Even as he answered, he had already begun to transform.
●
The town of Friedland was basically peaceful. There was the concern that a xenobeast or demigod might show up during Yukinari’s absence, but at the moment, there was no sign of any such danger. Guards had been posted at Yukinari’s “sanctuary,” which was the place any would-be challenger was likely to attack first. It was easy enough, as there were already observation platforms around it that had once been used to confirm whether the erdgod had eaten its sacrifice. If anything showed up, the guards would see it immediately.
“I wonder if things are going all right for Yukinari...” Fiona murmured, pausing in her work. Several pieces of paper lay in front of her. Paper was a valuable resource, but it was also the most convenient way to keep the detailed records necessary to administer a town. Sheepskin didn’t last long enough, and wooden scrolls took up too much room. So Fiona bought as much paper as she could when merchants came by.
“I wonder... I don’t know how fast the iron horse Lord Yukinari made can travel.”
Fiona hadn’t been speaking to anyone in particular, but Berta, standing in a corner of the room, ans
wered anyway.
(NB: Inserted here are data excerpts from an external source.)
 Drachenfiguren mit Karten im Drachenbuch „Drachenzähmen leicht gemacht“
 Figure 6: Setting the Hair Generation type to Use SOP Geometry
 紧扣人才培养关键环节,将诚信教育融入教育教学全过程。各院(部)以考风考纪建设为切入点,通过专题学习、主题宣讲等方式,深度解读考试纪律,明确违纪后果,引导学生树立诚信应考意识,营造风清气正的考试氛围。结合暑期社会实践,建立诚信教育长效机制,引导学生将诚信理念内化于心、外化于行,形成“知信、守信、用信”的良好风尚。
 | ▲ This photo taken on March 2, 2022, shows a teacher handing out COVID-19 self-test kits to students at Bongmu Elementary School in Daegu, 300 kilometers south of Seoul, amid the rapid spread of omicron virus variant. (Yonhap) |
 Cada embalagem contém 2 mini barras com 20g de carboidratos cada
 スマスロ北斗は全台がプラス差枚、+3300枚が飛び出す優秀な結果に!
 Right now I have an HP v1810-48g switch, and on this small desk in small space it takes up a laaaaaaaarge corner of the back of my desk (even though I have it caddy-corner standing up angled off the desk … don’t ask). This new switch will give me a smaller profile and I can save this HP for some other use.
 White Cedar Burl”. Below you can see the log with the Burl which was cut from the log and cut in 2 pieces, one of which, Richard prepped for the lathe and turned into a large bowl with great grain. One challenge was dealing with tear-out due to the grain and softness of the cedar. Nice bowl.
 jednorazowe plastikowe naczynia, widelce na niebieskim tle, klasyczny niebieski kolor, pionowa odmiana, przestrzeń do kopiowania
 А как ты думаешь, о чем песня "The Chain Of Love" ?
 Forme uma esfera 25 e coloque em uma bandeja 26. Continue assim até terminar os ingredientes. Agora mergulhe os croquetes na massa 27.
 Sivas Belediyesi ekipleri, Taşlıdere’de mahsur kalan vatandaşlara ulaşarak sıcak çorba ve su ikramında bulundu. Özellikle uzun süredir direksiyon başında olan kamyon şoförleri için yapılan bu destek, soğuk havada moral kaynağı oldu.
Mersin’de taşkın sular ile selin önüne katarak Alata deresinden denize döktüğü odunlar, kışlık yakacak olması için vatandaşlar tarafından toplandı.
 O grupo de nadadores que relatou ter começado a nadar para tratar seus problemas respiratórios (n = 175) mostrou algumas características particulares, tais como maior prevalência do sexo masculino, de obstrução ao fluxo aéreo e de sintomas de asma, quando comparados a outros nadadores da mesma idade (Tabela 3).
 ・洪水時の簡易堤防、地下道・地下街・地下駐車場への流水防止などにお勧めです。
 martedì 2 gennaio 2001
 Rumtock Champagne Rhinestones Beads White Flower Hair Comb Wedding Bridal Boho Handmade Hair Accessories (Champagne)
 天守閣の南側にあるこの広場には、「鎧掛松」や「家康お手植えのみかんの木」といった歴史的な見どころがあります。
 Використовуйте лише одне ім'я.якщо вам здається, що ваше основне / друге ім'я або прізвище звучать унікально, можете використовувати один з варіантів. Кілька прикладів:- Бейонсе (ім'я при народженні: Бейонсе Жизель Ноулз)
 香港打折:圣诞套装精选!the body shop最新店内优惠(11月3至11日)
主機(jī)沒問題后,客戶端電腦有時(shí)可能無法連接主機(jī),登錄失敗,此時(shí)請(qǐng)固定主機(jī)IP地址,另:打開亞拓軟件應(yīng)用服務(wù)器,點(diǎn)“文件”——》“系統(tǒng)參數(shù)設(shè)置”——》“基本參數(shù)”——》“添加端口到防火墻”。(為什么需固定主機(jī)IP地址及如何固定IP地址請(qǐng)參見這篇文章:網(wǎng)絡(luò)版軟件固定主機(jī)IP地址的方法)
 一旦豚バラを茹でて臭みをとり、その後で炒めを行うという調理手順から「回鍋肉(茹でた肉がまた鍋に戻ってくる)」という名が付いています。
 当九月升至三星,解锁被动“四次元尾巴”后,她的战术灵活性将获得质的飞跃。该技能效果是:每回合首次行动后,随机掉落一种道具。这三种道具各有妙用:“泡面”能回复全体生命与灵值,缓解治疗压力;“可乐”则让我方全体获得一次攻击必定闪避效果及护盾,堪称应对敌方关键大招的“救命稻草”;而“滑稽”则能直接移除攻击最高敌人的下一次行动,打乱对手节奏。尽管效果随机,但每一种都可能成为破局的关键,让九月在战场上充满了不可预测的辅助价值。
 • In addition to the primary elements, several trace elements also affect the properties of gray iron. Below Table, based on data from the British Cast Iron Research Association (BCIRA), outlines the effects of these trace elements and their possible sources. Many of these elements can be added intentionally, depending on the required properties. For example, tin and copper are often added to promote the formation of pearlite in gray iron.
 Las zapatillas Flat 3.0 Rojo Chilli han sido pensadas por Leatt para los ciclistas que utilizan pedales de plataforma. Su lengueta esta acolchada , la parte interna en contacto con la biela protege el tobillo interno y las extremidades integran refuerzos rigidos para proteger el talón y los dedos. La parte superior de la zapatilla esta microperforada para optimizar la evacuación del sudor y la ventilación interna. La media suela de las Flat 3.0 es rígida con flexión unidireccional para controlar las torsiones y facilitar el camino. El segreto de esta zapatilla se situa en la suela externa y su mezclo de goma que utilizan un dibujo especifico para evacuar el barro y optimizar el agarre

Yukinari had asked Berta to help Fiona while he was away with the multitude of little jobs that hounded the deputy mayor, so the girl—aware of her status as Yukinari’s shrine maiden and property—dutifully waited by Fiona’s side to be given some sort of work.
“But Lord Yukinari did say he would be back as soon as he could. Oh, would you like more tea?”
“No, thank you,” Fiona said with a grim smile and a shake of her head. Berta was there to help Fiona, but with no knowledge or experience in administration, there wasn’t much she could do. She could make tea, pick up objects that fell off the desk, and rub Fiona’s tense shoulders—but that was it. Yukinari hadn’t really left Berta to help so much as he was putting her in Fiona’s care. The girl would have been in much greater danger of being attacked if he had left her alone in the sanctuary.
“She’s not a kitten...” Fiona muttered.
“I’m sorry? A kitten? Do you need a—”
“It’s nothing, I was just talking to myself,” Fiona said with a sigh.
“Um... Lady Fiona?” Berta began to speak as though something had suddenly occurred to her. “Is it possible... You know...” But hesitation soon swallowed up the words that might have followed. “Um... Could it be... Oh, I—I’m sorry, never mind.”
“Don’t trail off. You know I hate that.” Fiona frowned, and Berta, almost fearfully, resumed:
“I thought maybe... without Lord Yukinari here... maybe you’re lonely?”
“Huh? What makes you think that?”
“Well, every time you stop writing, you whisper his name...”
This left Fiona to furrow her brow in silence.
“You’re very much in love with Lord Yukinari, aren’t you, Lady Fiona?”
“I only act like that to tease him. I do it because it’s funny. He’s got those godlike powers, but inside he’s just a regular boy... even if he does have some decent ideas from time to time.”